Lockheed works closely with its partner districts to identify candidates. After an initial phase at the campus level, Lockheed hiring managers review applications and select candidates for interviews.

“We’ll interview twice as many candidates as positions,” Ross said. “It is a competitive process throughout.”

Patterson said students have to be involved in engineering and have taken a minimum number of Project Lead the Way classes to be eligible for the internship. Being able to show proficiency with technical software, robust projects and collaborative endeavors also can help students be competitive, he said.

Grace Chang and Pavel Pina will prepare for their senior year and internships at Lockheed Martin.

NEW LOCKHEED INTERNS The 2019-20 intern cohort will be the largest so far, with 52 interns from various school districts, Ross said.

Lupita Melendez, an upcoming Crowley High School senior, will be among them, along with CISD students Pavel Pina, Grace Chang, Dylan Meador and Reed Alexander.

“I’ve always known I wanted to be an engineer,” Melendez said. “I’ve always been very intrigued by Lockheed.

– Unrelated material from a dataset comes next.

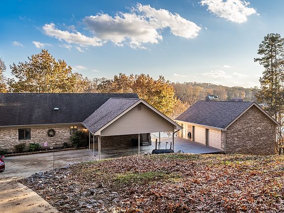 Beautiful all brick home nestled in woods on Watts Bar Lake. Situated on 189 ft of water frontage w/ gorgeous view of lake. Has 2 boat/2 jet ski covered slip-recently re-stained dock. Open floor plan in the living area w/ vaulted ceiling & floor to ceiling windows in GR. Features stone gas F/P, walnut mantle & beautiful poplar walls. Open to kitchen with island (w/ice maker), 5 star gas range, double oven (oversized vent), & vast cabinet storage. Anderson & Pella windows. Striking view of lake from both levels. Walk-out bsmt. Office located off Rec Rm w/ full bath & closet. Workshop (w/wall Hvac & full bath)...attached to 2 car garage. Fully dedicated propane gas generator w/ 250 gal tank plus 500 gal tank for home.

So whenever my teachers let me know about the opportunity that we have to intern with Lockheed, I was very excited about it. I genuinely didn’t think I would have the possibility to actually get it. It seemed like a dream.”

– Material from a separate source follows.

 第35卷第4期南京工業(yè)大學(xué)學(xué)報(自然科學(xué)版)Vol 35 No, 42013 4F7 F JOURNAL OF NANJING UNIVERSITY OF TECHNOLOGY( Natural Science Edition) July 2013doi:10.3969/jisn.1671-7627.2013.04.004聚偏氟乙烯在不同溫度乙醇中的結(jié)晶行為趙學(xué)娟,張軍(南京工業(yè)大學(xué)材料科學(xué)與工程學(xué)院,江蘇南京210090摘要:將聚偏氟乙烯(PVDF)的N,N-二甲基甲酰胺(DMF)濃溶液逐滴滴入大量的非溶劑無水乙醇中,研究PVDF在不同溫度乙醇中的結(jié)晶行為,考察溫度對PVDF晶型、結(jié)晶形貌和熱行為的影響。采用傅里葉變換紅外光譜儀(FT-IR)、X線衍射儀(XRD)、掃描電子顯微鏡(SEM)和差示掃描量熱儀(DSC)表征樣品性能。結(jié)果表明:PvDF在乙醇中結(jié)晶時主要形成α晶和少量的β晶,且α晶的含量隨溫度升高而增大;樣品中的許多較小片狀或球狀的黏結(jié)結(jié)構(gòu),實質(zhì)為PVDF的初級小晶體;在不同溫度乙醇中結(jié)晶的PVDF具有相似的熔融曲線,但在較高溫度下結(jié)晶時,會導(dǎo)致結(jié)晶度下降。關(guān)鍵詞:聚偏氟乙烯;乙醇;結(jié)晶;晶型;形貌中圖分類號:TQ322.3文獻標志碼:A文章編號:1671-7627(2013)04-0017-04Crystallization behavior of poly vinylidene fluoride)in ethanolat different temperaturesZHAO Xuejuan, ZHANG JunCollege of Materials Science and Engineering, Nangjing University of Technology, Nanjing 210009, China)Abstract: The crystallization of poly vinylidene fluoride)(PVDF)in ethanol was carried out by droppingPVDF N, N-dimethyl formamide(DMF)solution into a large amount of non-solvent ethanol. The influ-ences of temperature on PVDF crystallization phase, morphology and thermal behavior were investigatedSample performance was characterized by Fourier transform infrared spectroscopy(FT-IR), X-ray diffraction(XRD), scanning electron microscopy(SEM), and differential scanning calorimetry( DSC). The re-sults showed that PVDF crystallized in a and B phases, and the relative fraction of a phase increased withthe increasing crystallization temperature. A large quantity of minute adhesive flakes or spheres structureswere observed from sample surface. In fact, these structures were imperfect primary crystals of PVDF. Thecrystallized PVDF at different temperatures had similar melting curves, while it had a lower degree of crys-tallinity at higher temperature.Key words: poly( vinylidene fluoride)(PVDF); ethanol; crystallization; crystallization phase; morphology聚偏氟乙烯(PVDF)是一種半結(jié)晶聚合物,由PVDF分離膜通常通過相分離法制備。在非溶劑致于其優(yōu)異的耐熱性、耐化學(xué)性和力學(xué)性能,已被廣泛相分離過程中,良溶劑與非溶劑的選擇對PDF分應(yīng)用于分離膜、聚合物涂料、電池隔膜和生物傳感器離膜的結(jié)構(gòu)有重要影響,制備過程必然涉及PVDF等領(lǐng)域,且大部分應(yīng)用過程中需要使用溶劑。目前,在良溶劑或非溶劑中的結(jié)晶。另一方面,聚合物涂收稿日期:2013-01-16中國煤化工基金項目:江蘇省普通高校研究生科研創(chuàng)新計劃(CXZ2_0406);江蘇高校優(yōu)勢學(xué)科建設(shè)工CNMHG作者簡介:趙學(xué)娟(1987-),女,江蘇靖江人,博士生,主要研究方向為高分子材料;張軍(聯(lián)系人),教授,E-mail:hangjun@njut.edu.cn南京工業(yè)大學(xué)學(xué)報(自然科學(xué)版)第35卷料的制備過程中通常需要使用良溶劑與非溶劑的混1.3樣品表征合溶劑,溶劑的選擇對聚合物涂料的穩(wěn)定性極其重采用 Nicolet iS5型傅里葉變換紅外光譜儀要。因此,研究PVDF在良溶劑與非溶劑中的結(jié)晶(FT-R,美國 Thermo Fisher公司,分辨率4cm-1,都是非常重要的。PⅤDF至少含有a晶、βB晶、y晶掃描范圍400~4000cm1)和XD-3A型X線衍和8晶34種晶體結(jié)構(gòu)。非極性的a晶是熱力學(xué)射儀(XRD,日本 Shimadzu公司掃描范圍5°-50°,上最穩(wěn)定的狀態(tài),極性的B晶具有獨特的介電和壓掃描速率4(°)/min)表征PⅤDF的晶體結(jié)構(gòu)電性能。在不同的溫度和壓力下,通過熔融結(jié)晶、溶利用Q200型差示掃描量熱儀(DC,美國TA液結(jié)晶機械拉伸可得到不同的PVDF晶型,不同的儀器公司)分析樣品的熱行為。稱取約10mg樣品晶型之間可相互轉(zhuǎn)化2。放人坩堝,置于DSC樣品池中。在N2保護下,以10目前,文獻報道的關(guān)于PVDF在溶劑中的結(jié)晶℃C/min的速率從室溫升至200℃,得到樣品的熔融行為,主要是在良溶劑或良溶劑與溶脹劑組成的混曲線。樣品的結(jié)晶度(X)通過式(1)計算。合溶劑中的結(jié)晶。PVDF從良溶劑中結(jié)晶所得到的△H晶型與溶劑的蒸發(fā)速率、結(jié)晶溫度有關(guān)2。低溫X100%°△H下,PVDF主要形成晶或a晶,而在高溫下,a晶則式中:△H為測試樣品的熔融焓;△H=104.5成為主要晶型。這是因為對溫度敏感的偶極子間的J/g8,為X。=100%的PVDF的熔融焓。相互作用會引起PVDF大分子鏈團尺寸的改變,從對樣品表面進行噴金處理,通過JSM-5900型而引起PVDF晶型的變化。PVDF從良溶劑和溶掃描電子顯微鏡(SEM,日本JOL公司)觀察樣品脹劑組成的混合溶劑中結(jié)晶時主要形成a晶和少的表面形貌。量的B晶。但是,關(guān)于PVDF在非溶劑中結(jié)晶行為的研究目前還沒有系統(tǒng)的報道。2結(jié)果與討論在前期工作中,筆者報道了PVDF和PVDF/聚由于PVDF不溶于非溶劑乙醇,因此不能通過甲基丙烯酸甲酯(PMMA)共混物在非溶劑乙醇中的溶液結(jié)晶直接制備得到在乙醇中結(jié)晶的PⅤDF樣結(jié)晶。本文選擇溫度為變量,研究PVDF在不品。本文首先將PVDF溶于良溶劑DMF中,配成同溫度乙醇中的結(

She is excited about opportunities the internship could open for her and the potential mentors she could meet.

Pina, an upcoming Crowley High School senior, is looking forward to sharpening his skills.

“I know I’m like a beginner, basically, with everything,” he said. “It’s going to be amazing being able to learn all this new stuff and get the experience.”

Bond, Esquivel, Melendez and Pina all credit the engineering teachers at the B.R. Johnson Career & Tech Center (Patterson, Amanda Kenyon and Kyle Christensen) for laying the foundation they needed to land the internships as well as motivating and encouraging them along the way.

“Our teachers, they made me who I am,” Pina said. “I have ambitions because of them.”

With their senior year behind them, Bond and Esquivel are excited to continue their internships this summer and in the summers ahead during college.

Esquivel will attend Texas A&M University in the fall and plans to be a mechanical engineer and eventually an astronaut. Bond will attend the University of Texas at Arlington and plans to study to become an aerospace engineer.

“I’m very grateful that Crowley worked so hard to make this (internship) a reality,” Bond said. “I moved here from Cleburne in middle school, and I didn’t realize that Crowley ISD had this many opportunities compared to other school districts. It’s been wonderful, and I’m extremely thankful for it.”